> Activity: Copy all the entries word for word, but omit the pictures.

> Exercise data:
* * * * * * * * *

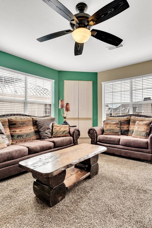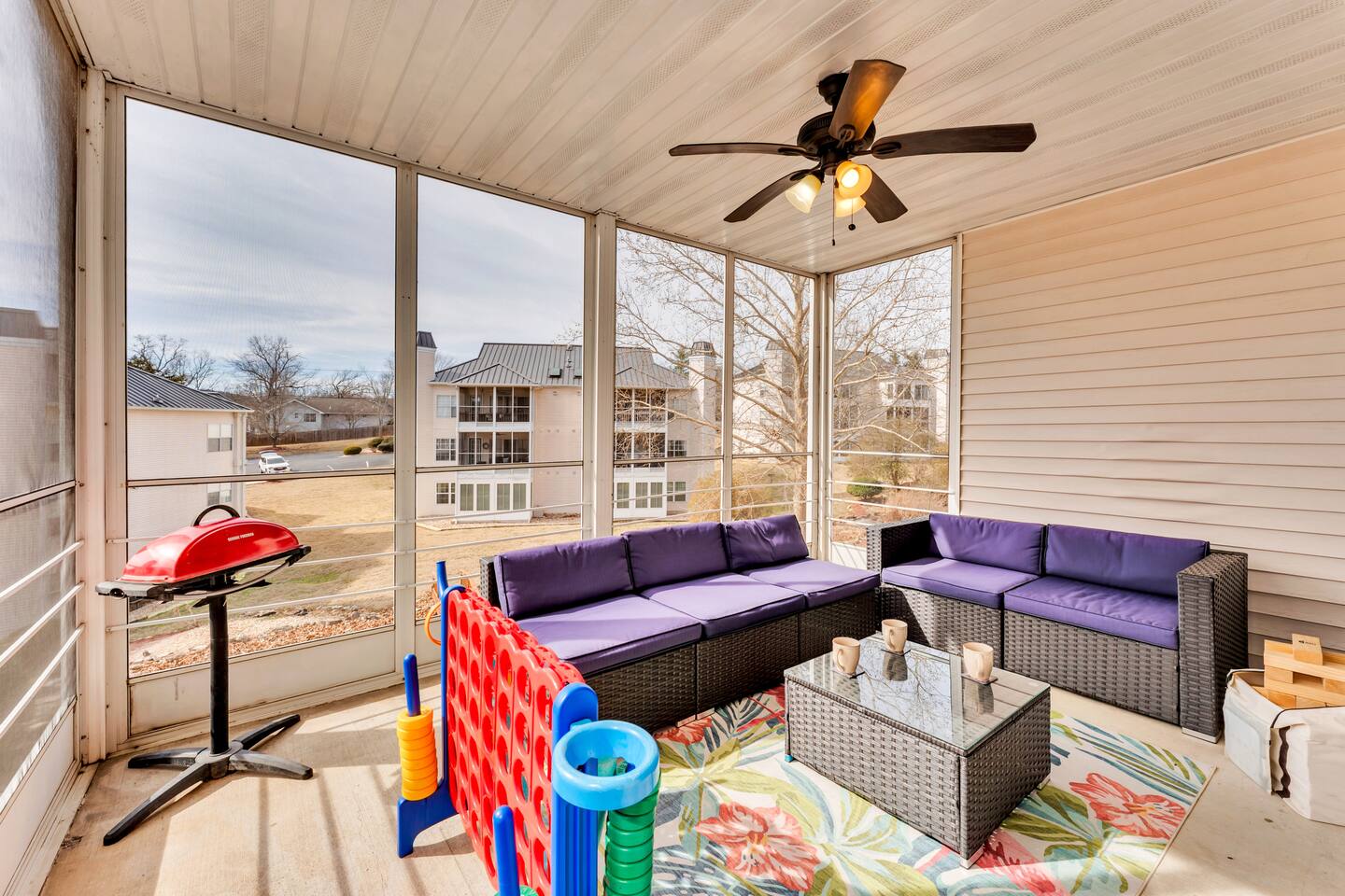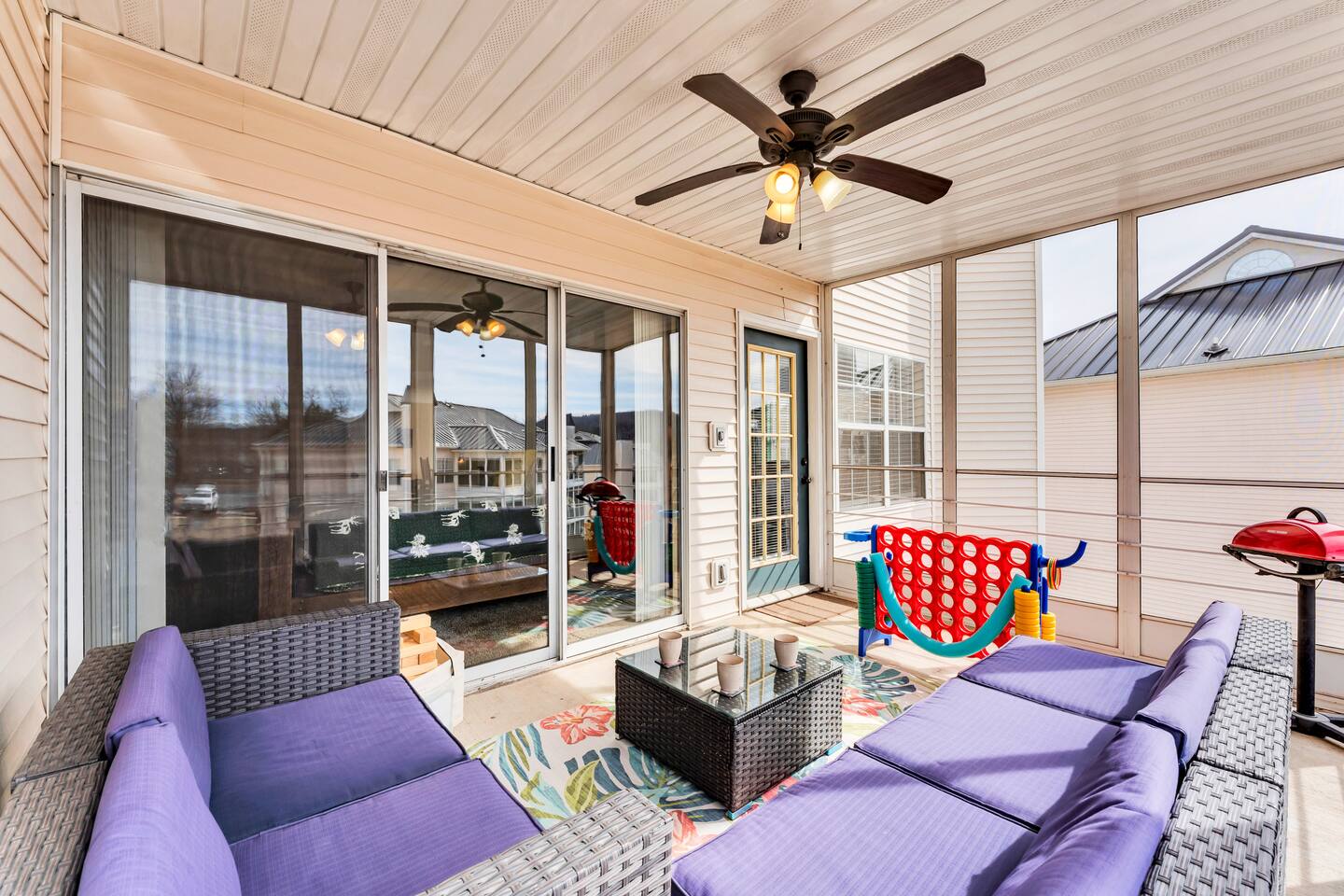 The spacious living room is perfect for family time, and the oversized screened-in patio is a guest favorite—featuring comfortable seating, peaceful views, and a grill for easy cookouts after a day exploring Branson attractions.
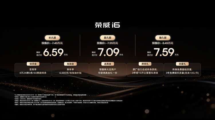 “买车就送真金。”4月13日,荣威i6开启预售,这句口号引来不少围观。限时抢订价6.59万至7.59万,三款车型名字很有意思:长久版、豪久版、臻久版。摆明了冲着“省油、耐久”四个字去的。
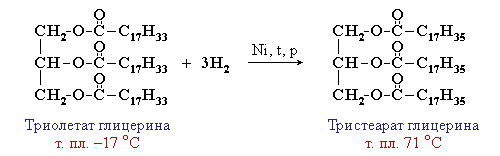 Жидкие жиры превращаются в твердые путем реакции гидрогенизации (гидрирования). При этом водород присоединяется по двойной связи, содержащейся в углеводородном радикале молекул масел.
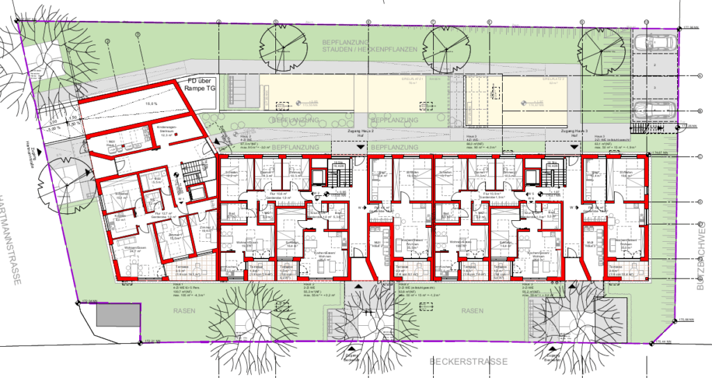 Aus dem stark verwilderten und vernachlässigtem Grundstück der alten Jugendherberge wurde durch einen Neubau und die damit verbundene Umgestaltung der Außenanlage mit verschiedenen Bodendeckern, Sträuchern, Bäumen in Verbindung mit verschiedenen Staudenmischpflanzungen eine Oase für Mensch und Tier geschaffen. Bei der Baumauswahl hat man sich bewusst für Feldahorn und Amberbäume entschieden, da diese zu den zukunfts-/ stadtklimafesten Baumarten zählen und sich somit für die stetig ändernden Wetterlagen, sprich Klimawandel, am besten eignen.
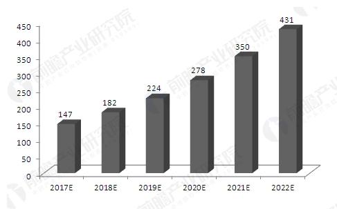? 2017-2022年中國智能照明行業市場規模預測(單位:億元)
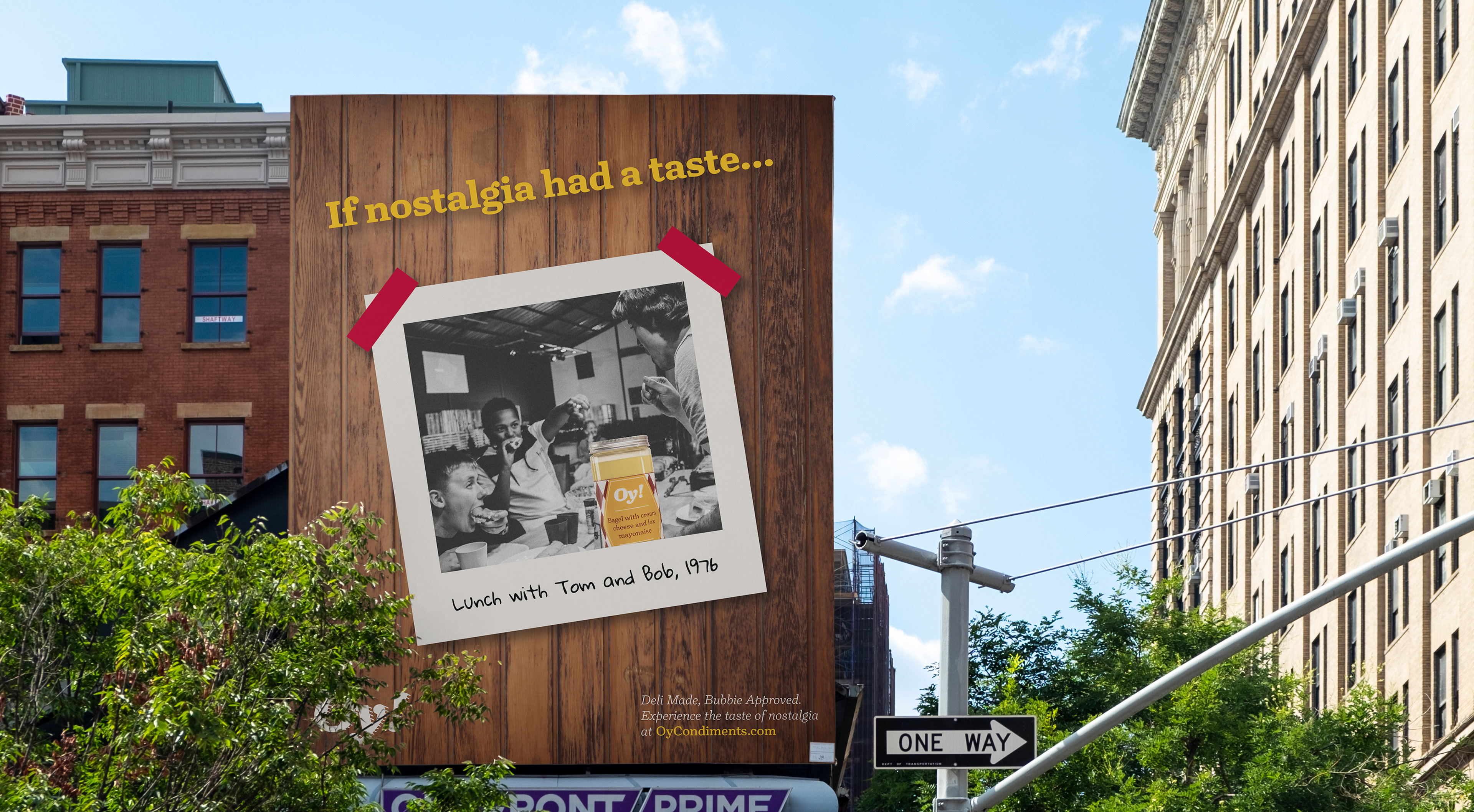 If nostalgia had a taste, it would be Oy! These sauces bottle up the memories, feelings, and places of nostalgia for everyone who tastes it. As Jews, our fondest memories can be found among family and food. This concept takes the feeling of the nostalgia from Jewish delis and puts a vision to the memories. With just a taste of Oy, the nostalgia puts you back in line at the deli counter.
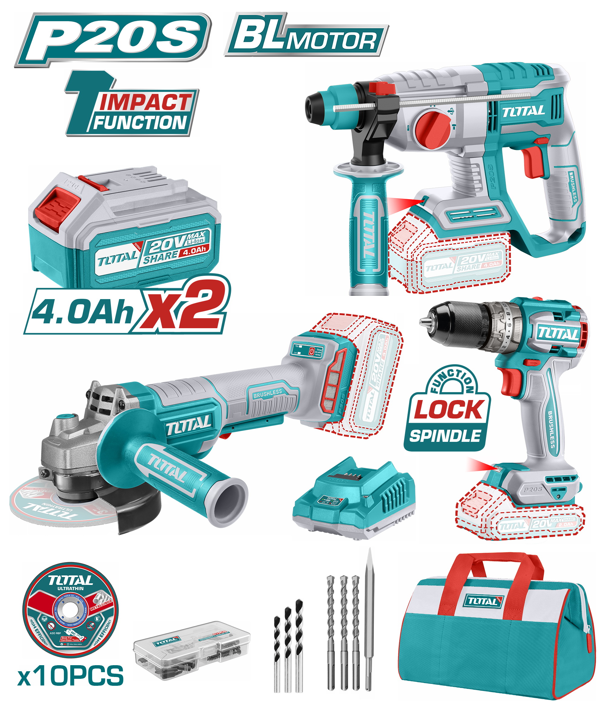 TOTAL ΕΠΑΓΓ. ΣΕΤ ΠΝΕΥΜΑΤΙΚΟ ΠΙΣΤΟΛΕΤΟ + ΔΡΑΠ/ΒΙΔΟ ΚΡΟΥΣΤ. + ΓΩΝΙΑΚΟΣ ΤΡΟΧΟΣ ΜΠΑΤ. Li-ion 20V / 4Ah / 2 ΜΠΑΤ (TOSLI240202)
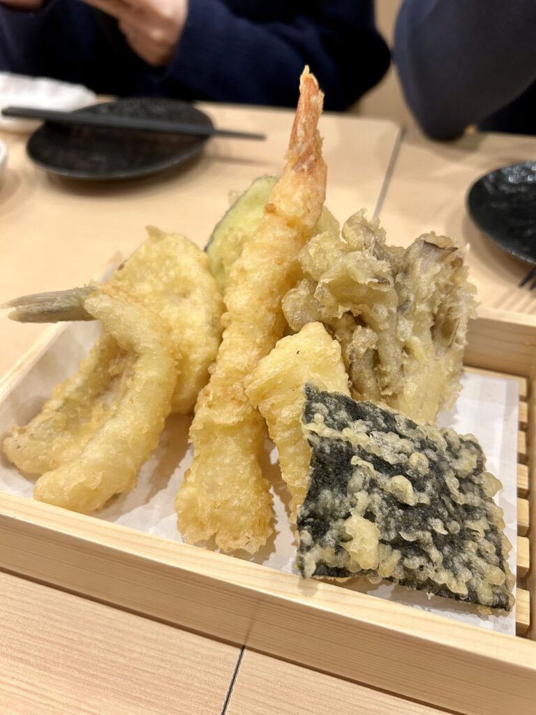 エビ天にかぼちゃ天、海苔天などなどサクサク衣に覆われていて美味しい。
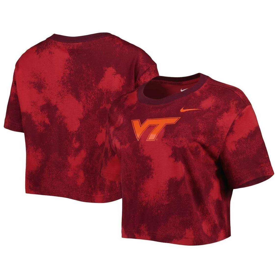 - Flex your Virginia Tech Hokies spirit in a charming fashion with this Cropped T-shirt from Nike. The allover tie-dye pattern coordinates with the bold Virginia Tech Hokies graphics for a chic, spirited look. Plus, the loose fit allows the top to rest comfortably at the shoulders and waist for a cozy feel.
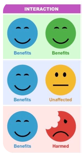Name the three symbiotic relationships shown by the diagram below (in order):
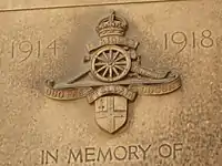 Annual training for 1st London Division had just started when war was declared on 4 August 1914, and the City of London Brigade promptly mustered at Bloomsbury for mobilisation.[24] The infantry of the division were soon posted away to relieve Regular Army garrisons in the Mediterranean or to supplement the British Expeditionary Force on the Western Front. By January 1915, only the artillery and other support elements of the division remained in England, and these were attached to the Second Line TF division (58th (2/1st London) Division) that was being formed. The City of London Brigade became 1/I City of London Bde and formed 2/I City of London Bde, which served with the 58th Division throughout the war.[24][25][26][27]

* * * * * * * * *

> Output of the task:
 The spacious living room is perfect for family time, and the oversized screened-in patio is a guest favorite—featuring comfortable seating, peaceful views, and a grill for easy cookouts after a day exploring Branson attractions.
 “买车就送真金。”4月13日,荣威i6开启预售,这句口号引来不少围观。限时抢订价6.59万至7.59万,三款车型名字很有意思:长久版、豪久版、臻久版。摆明了冲着“省油、耐久”四个字去的。
 Жидкие жиры превращаются в твердые путем реакции гидрогенизации (гидрирования). При этом водород присоединяется по двойной связи, содержащейся в углеводородном радикале молекул масел.
 Aus dem stark verwilderten und vernachlässigtem Grundstück der alten Jugendherberge wurde durch einen Neubau und die damit verbundene Umgestaltung der Außenanlage mit verschiedenen Bodendeckern, Sträuchern, Bäumen in Verbindung mit verschiedenen Staudenmischpflanzungen eine Oase für Mensch und Tier geschaffen. Bei der Baumauswahl hat man sich bewusst für Feldahorn und Amberbäume entschieden, da diese zu den zukunfts-/ stadtklimafesten Baumarten zählen und sich somit für die stetig ändernden Wetterlagen, sprich Klimawandel, am besten eignen.
? 2017-2022年中國智能照明行業市場規模預測(單位:億元)
 If nostalgia had a taste, it would be Oy! These sauces bottle up the memories, feelings, and places of nostalgia for everyone who tastes it. As Jews, our fondest memories can be found among family and food. This concept takes the feeling of the nostalgia from Jewish delis and puts a vision to the memories. With just a taste of Oy, the nostalgia puts you back in line at the deli counter.
 TOTAL ΕΠΑΓΓ. ΣΕΤ ΠΝΕΥΜΑΤΙΚΟ ΠΙΣΤΟΛΕΤΟ + ΔΡΑΠ/ΒΙΔΟ ΚΡΟΥΣΤ. + ΓΩΝΙΑΚΟΣ ΤΡΟΧΟΣ ΜΠΑΤ. Li-ion 20V / 4Ah / 2 ΜΠΑΤ (TOSLI240202)
 エビ天にかぼちゃ天、海苔天などなどサクサク衣に覆われていて美味しい。
 - Flex your Virginia Tech Hokies spirit in a charming fashion with this Cropped T-shirt from Nike. The allover tie-dye pattern coordinates with the bold Virginia Tech Hokies graphics for a chic, spirited look. Plus, the loose fit allows the top to rest comfortably at the shoulders and waist for a cozy feel.
Name the three symbiotic relationships shown by the diagram below (in order):
 Annual training for 1st London Division had just started when war was declared on 4 August 1914, and the City of London Brigade promptly mustered at Bloomsbury for mobilisation.[24] The infantry of the division were soon posted away to relieve Regular Army garrisons in the Mediterranean or to supplement the British Expeditionary Force on the Western Front. By January 1915, only the artillery and other support elements of the division remained in England, and these were attached to the Second Line TF division (58th (2/1st London) Division) that was being formed. The City of London Brigade became 1/I City of London Bde and formed 2/I City of London Bde, which served with the 58th Division throughout the war.[24][25][26][27]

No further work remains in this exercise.